I remember jazz music as specific moments with my father, intentional moments with reason and setting. He would always play his favorite tunes on the road, when traveling to or at his childhood home, under a devilish sun where the heat spoke loudly, so much you could see the air and earth move to it. Recalling this drags to my center a thought and an understanding that for my father, jazz music was and is confirmation of a voyage, confirmation of arrival, and a blissful nostalgia. This brings me to understand that for every single listener, music is a different idea; a different message comes with it and the feelings of each feeler, are validated, moved, enhanced, or decreased.

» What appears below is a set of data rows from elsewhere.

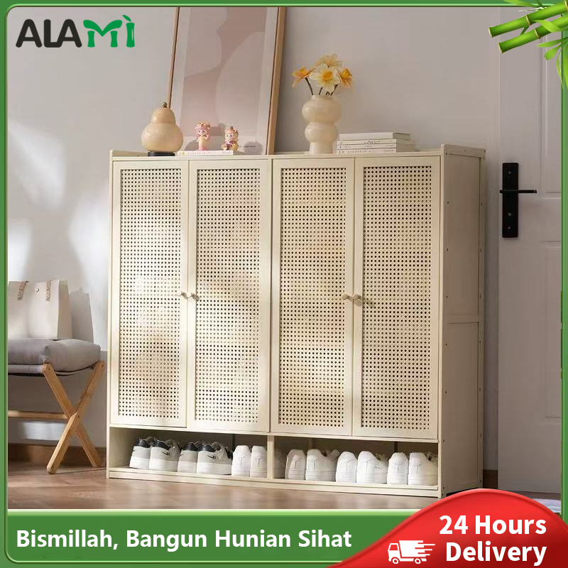 Alami Rak Sepatu Gaya Creamy Modern Pintu Masuk | Lemari Penyimpanan Multifungsi Anti Debu untuk Sepatu/Sepatu Boot | Ba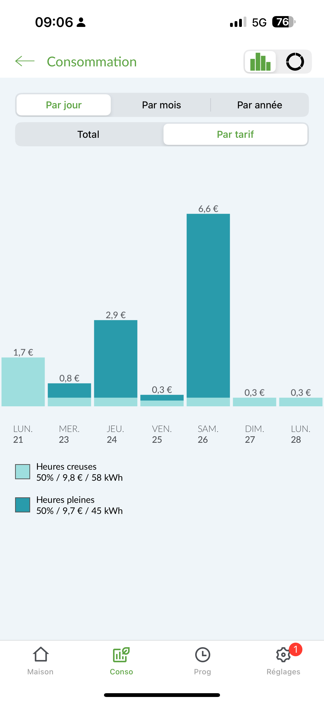 mais ds le suivi HA, je vois qu’elle chauffe qu’un peu à la fin des heures creuse (dc jamais 40€ d’heure pleine !)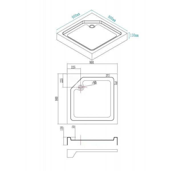 shophome468 Verno ถาดรองอาบน้ำเหลี่ยม รุ่น ABS-02N ขนาด ขนาด 90x90x15 ซม.รับประกันของเเท้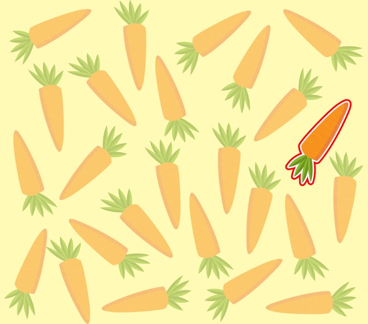 In this brain teaser puzzle, you can see a number of carrots. But, there is one carrot that is different from the others.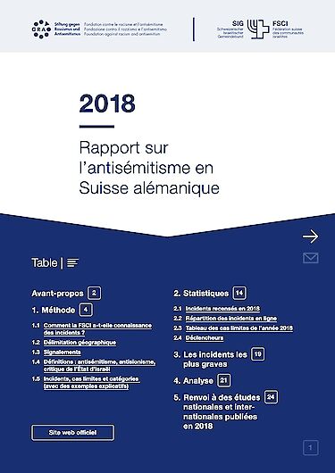 La Fédération suisse des communautés israélites FSCI et la Fondation contre le racisme et l’antisémitisme GRA publient aujourd’hui leur Rapport sur l’antisémitisme 2018 pour la Suisse alémanique. Il ressort de celui-ci que, hors Internet, le nombre des incidents antisémites physiques et verbaux est stable. Les propos et les menaces antisémites circulant sur Internet et les réseaux sociaux continuent à inquiéter.

I was settling with the belief that this is a way of feeling and a way of breathing. My father’s favorite jazz tunes, always South African were populated by the sounds of Bhudaza, Hugh Masekela, Zim Ngqawane and Oliver Mtukudzi, a rich culture of African feels. Catchy lyrics and rhythms prompted dance, feet tapping, and head nodding for the two left-feet folk. Scents of brandy, Brentwood pants, and shiny leather shoes. Folk who devoured jazz as I grew, cleaned up quite well and dressed for the occasion. Even if the occasion was a circle of friends under the tree laughing and dancing and mostly just sitting and conversing.
In my teens, learning to listen to music and picking out instruments in songs by pioneers of colorful music the likes of the late Bra Hugh Masekela was a habit I had become fluent with, listening to instruments and rhythms separately gave the music different colors, the trumpet was always a joyful, childlike spirit which could also be stern and assertive when the need arose, later when I learned about the spirit of Amanono, I understood this characters that shows up quite a lot in African Jazz songs. The trumpet, a signature to his songs was always the main character of the scenes painted by his music, even those without voice or words painted worlds one could learn from.
When the late Hugh Masekela, and Oliver Mtukudzi came together, more especially in Tapera, I felt a sense of care. The music carried a parent-like energy, a love-filled village coming together under a morula tree to discuss a way forward on how they could save their future, the young. It was with listening to a mix of artists that gave Jazz its colors. It would always be Jazz music but only with the other. Every artist’s contribution to the genre made this huge village of a unified culture with a thousand pages of stories and colors and people and spirits that would stem from each song.
This wholesome past of listening innocently led to this gentle love for the colorful genre, of jazz. Of course a gift for words that built poems and stories out of nothing but breath was a great force of direction into the stream of music, where in digging deep one found the likes of late Moses Molelekwa. A song that I will always hold dear, genes and Spirits resonated with something inside my spirit I can never fathom. Learning of his story and how he left the world left me feeling like I had lost a great healer and muse. In his music, emotions shift gently, and inexplicable. That is one thing I find amazing about Jazz music. The ability to send messages that are without words across the world and the magical ability to bring like-minded people together and in one tune.
So in conclusion, for now, Jazz is a huge village populated by amazing artist translations of the world, experiences, culture, and people. It cannot be easy to interpret a jazz song without lyrics, but feeling and experiencing some of the messages or intentions of the musician is an effortless reaction to the music itself.